> Problem description: Return each line of the records below in which the string "after" turns up.

> Input:
**********

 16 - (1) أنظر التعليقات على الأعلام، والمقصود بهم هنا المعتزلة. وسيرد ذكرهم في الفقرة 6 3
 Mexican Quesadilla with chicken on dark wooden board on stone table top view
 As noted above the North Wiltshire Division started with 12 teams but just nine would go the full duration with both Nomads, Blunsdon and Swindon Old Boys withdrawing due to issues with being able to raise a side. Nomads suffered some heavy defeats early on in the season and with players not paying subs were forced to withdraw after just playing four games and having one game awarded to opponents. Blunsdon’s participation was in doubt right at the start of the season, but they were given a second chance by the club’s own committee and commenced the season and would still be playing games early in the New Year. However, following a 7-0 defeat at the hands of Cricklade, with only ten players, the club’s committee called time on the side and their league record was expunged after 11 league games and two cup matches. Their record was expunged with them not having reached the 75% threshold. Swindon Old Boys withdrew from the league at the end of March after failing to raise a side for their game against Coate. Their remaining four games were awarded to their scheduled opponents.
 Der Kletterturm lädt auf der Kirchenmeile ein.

**********

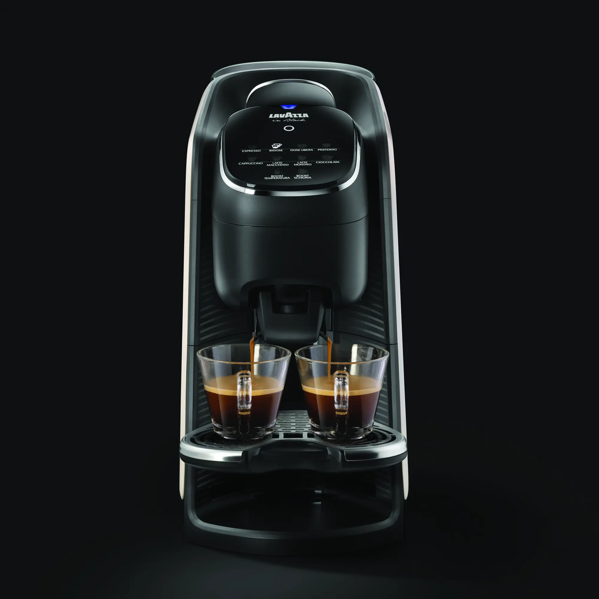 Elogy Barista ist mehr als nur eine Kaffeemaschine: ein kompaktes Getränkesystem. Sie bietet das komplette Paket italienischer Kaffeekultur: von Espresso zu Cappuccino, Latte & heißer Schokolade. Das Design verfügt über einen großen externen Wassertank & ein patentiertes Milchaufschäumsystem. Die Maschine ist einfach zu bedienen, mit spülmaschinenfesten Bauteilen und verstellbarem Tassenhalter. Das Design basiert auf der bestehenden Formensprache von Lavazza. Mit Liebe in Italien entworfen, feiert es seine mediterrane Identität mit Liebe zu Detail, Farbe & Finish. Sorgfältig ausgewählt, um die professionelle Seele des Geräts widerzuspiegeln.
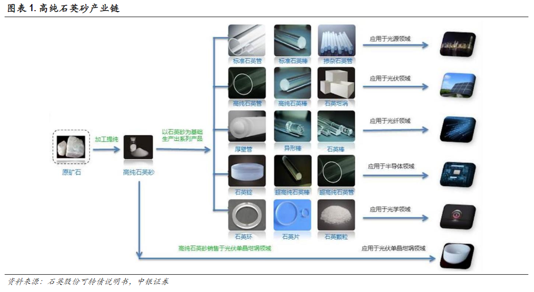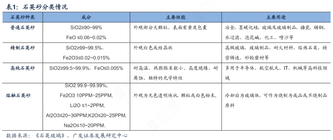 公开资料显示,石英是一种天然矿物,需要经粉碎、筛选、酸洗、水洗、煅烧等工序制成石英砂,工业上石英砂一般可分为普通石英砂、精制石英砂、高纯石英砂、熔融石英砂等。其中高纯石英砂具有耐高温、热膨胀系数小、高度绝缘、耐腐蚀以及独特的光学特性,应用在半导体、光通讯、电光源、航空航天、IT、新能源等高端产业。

**********

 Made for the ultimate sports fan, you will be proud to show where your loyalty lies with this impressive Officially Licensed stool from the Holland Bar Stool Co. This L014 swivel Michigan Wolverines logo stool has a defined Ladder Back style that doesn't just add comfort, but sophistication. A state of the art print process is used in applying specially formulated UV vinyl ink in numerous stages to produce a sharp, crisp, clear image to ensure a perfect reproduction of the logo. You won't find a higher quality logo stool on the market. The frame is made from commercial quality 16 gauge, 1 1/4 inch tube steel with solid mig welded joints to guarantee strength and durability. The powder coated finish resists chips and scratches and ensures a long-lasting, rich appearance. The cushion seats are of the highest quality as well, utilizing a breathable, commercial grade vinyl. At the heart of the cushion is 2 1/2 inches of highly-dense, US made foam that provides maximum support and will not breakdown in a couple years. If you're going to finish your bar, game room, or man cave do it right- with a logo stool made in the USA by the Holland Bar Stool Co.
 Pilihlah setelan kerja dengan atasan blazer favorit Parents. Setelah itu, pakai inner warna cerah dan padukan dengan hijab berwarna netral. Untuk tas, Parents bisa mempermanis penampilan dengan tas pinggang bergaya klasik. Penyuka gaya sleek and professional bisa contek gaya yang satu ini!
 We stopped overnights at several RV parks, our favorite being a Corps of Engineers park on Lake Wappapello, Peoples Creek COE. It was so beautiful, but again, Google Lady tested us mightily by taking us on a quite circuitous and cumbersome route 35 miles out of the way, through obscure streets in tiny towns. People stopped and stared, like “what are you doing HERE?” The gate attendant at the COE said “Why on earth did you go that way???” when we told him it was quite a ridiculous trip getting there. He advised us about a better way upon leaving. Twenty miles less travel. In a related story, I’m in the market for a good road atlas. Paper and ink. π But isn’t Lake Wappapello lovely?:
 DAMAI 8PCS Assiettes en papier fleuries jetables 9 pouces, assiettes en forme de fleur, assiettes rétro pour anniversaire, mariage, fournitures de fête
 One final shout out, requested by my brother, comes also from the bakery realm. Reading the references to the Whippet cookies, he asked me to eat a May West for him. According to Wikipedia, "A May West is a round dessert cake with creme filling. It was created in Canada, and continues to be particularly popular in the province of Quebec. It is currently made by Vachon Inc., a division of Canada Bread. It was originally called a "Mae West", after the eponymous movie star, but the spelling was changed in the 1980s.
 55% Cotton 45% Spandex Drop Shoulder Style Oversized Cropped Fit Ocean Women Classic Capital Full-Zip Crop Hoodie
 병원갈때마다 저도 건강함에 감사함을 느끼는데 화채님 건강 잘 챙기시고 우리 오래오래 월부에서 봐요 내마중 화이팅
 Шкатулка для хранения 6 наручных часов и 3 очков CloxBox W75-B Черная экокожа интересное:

**********

> Result below:
 As noted above the North Wiltshire Division started with 12 teams but just nine would go the full duration with both Nomads, Blunsdon and Swindon Old Boys withdrawing due to issues with being able to raise a side. Nomads suffered some heavy defeats early on in the season and with players not paying subs were forced to withdraw after just playing four games and having one game awarded to opponents. Blunsdon’s participation was in doubt right at the start of the season, but they were given a second chance by the club’s own committee and commenced the season and would still be playing games early in the New Year. However, following a 7-0 defeat at the hands of Cricklade, with only ten players, the club’s committee called time on the side and their league record was expunged after 11 league games and two cup matches. Their record was expunged with them not having reached the 75% threshold. Swindon Old Boys withdrew from the league at the end of March after failing to raise a side for their game against Coate. Their remaining four games were awarded to their scheduled opponents.
 One final shout out, requested by my brother, comes also from the bakery realm. Reading the references to the Whippet cookies, he asked me to eat a May West for him. According to Wikipedia, "A May West is a round dessert cake with creme filling. It was created in Canada, and continues to be particularly popular in the province of Quebec. It is currently made by Vachon Inc., a division of Canada Bread. It was originally called a "Mae West", after the eponymous movie star, but the spelling was changed in the 1980s.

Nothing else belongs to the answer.